On the facts you have provided, the critical point is that the vehicle in question was, and remains, Ultra Low Emission Zone compliant within the meaning of the Greater London Low Emission Zone Charging Order 2006 (as amended) and the subsequent Ultra Low Emission Zone Scheme made under section 295 and Schedule 23 to the Greater London Authority Act 1999. If TfL had no lawful entitlement to levy a penalty because the vehicle was exempt at the time of the alleged contravention, any Penalty Charge Notice purportedly issued in respect of it was a nullity. It follows that any payment made in respect of such a notice, whether voluntary or involuntary, is recoverable on grounds of restitution for unjust enrichment. The fact that your leasing company discharged the penalties without your consent, and without seeking a transfer of liability under the statutory scheme, does not extinguish the underlying unlawfulness.
The statutory framework provides, under paragraph 2 of Schedule 1 to the Road User Charging (Enforcement and Adjudication) (London) Regulations 2001, that where a Penalty Charge Notice is served on the registered keeper but the vehicle was, at the material time, hired or leased under a qualifying agreement, the keeper may transfer liability to the hirer by making formal representations within 28 days, supported by a statement of liability and a copy of the hire agreement. This provision is mirrored in TfL's own procedural guidance. In your case, the lease company failed to avail itself of that statutory mechanism, and instead made payment, thereby extinguishing their right of appeal. However, the absence of an appeal does not legitimise an unlawful demand ab initio. Where money is paid in consequence of an unlawful demand by a public authority, it may be recovered either by the payor or by the party who has suffered the loss, provided a sufficient nexus of authority exists between them.

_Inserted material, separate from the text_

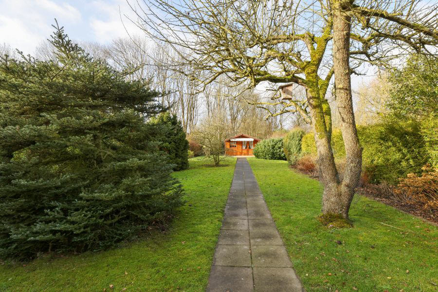 Der weitläufige und gepflegte Garten lädt zu ruhigen Stunden und geselligen Grillabenden ein. Ein großes Holzgartenhaus bietet praktischen Stauraum.
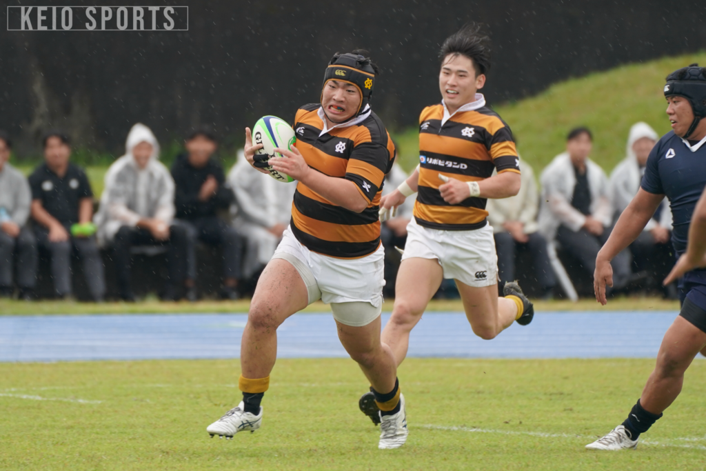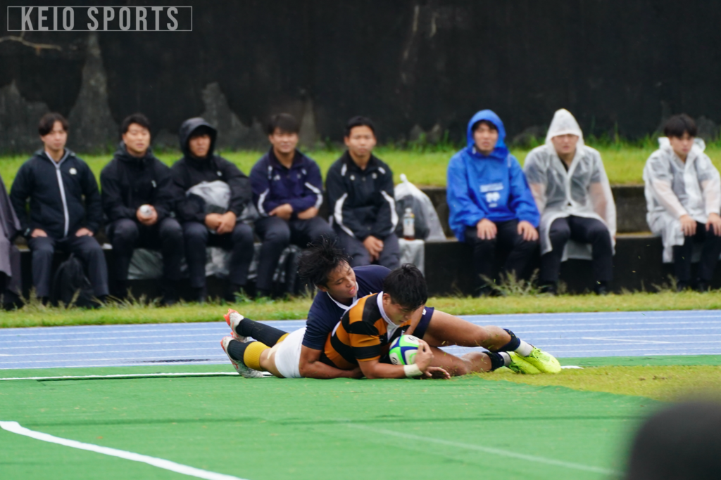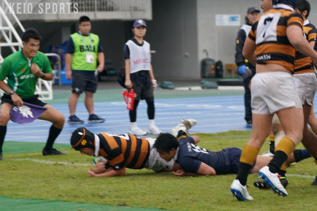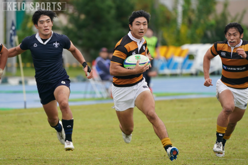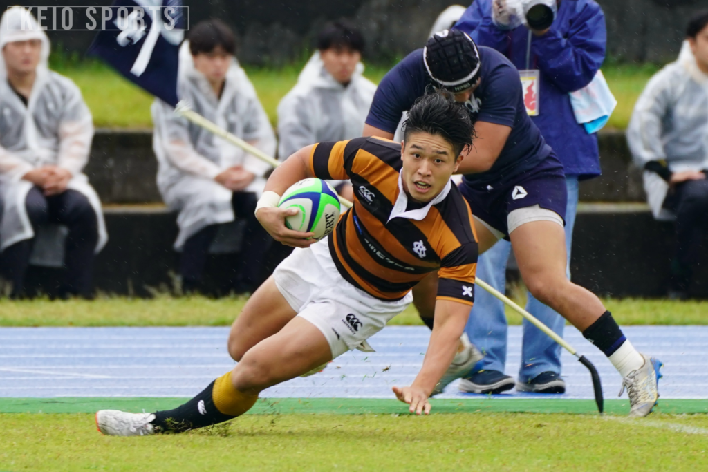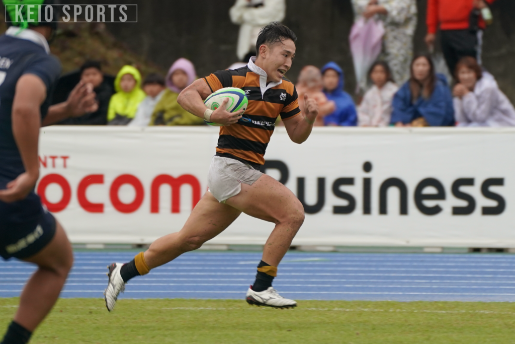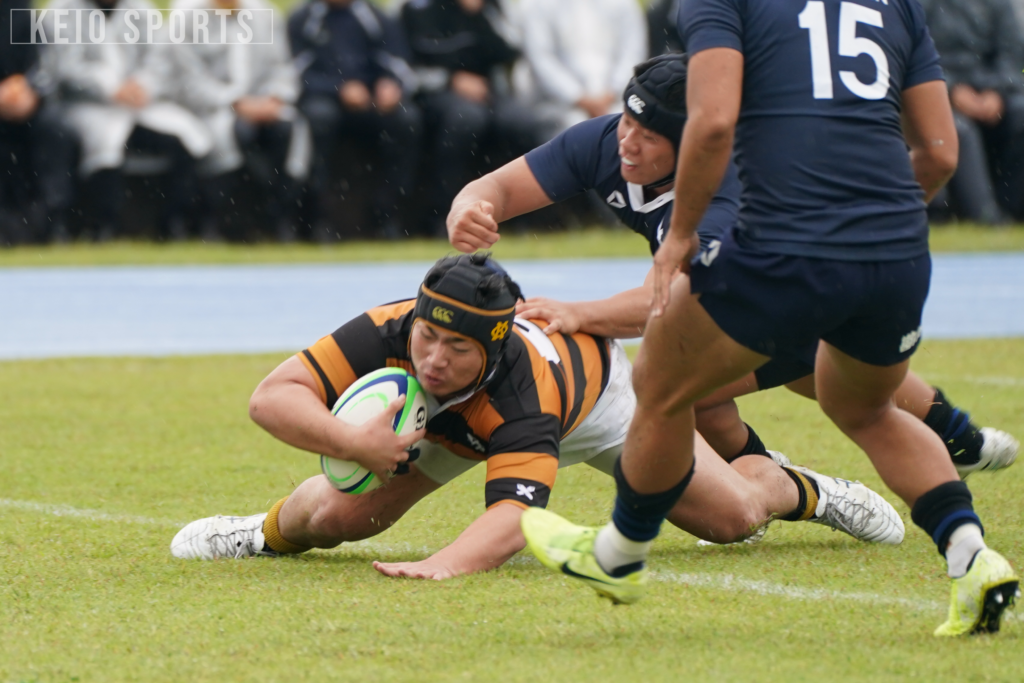 渥美は11分にもハーフウェイライン付近からギャップを突いて抜け出すと、30m超のロングゲインで連続トライを決めた。20分を終了した時点で、スコアは17-0。この日の慶大は終始、試合を優位に進めていた。ディフェンスでもFLの好タックルやSH橋本のキックチャージ成功と、好プレーが飛び出し、鉄壁のディフェンスを魅せていた。

The cause of action against TfL lies in restitution for money had and received, arising from an ultra vires demand. The cause of action against the lease company, if pursued, would be framed in breach of bailment and/or breach of contract, on the basis that they paid sums for which you were not liable and then sought to recover those sums from you without lawful basis. If the lease agreement contains terms that purport to authorise the lease company to pay and recharge all penalties without discretion, those terms may still be subject to the implied duty to act rationally and in good faith, and not to recover sums arising from an unlawful charge. Both parties could therefore be joined as defendants: TfL as the primary wrongdoer in making the unlawful demand, and the lease company as a secondary wrongdoer in discharging and recharging an unlawful sum to your account.
If you elect to pursue TfL alone, the letter of claim would be addressed solely to them. If you join the leasing company, it would be copied and marked as notice of intended proceedings in which they would be named as a joint defendant.

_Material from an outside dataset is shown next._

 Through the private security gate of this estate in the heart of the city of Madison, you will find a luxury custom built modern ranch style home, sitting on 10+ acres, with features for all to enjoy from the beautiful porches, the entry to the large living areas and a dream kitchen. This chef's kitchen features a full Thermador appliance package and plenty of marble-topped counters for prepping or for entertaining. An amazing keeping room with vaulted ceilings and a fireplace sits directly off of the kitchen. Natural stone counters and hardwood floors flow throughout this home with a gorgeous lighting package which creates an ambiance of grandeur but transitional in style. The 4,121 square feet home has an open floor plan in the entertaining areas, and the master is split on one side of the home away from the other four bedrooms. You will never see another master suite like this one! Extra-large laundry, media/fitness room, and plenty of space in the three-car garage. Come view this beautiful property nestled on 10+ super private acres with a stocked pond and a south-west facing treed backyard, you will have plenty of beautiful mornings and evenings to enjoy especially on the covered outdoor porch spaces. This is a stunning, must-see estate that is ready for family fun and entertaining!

The form of words for such a letter might be as follows:
[Your address]
[Date]
Transport for London
Road User Charging Correspondence
PO Box 343
Darlington DL1 9QD
Dear Sirs
Re: Unlawful Demand and Payment – Ultra Low Emission Zone Penalty Charge Notice No. [reference]
I write in accordance with the Pre-Action Protocol for Debt Claims and the Practice Direction – Pre-Action Conduct. I am the hirer of vehicle registration mark [VRM] under a lease agreement with [Lease Company]. At all material times, this vehicle met the emissions criteria for exemption from the Ultra Low Emission Zone charge, as confirmed by your own vehicle compliance database.
On [date], you issued a Penalty Charge Notice alleging non-compliance with the ULEZ Scheme. This penalty was paid by my leasing company without my consent and without transferring liability to me under paragraph 2 of Schedule 1 to the Road User Charging (Enforcement and Adjudication) (London) Regulations 2001. You were not entitled in law to issue or enforce the said Penalty Charge Notice, as the vehicle was compliant at all material times.
Your demand for payment was ultra vires and constitutes an unlawful act for which you are strictly liable to make restitution. The sum of £[amount] was paid in consequence of your unlawful demand. I require repayment of that sum within 14 days of the date of this letter.
If the sum is not repaid within that period, I will issue proceedings in the County Court without further notice, claiming restitution for money had and received, interest pursuant to section 69 of the County Courts Act 1984, and my legal costs.
If the leasing company is to be named as a joint defendant:
For the avoidance of doubt, this letter is also copied to [Lease Company] as proposed joint defendant, on the basis that they have wrongfully paid the said unlawful penalties and sought to recharge me for them, contrary to the implied duty to act in good faith and the law of bailment. Should repayment not be forthcoming, proceedings will be issued against both parties, jointly and severally, without further notice.
Yours faithfully
[Name]
The next step is to obtain from TfL a formal written confirmation of the vehicle's compliance status and the date from which the personalised registration was recognised as compliant in their database. That will form the central evidential plank of your claim, as it will demonstrate that no contravention ever occurred. Once that is secured, the claim should be advanced promptly to avoid any limitation or procedural defence.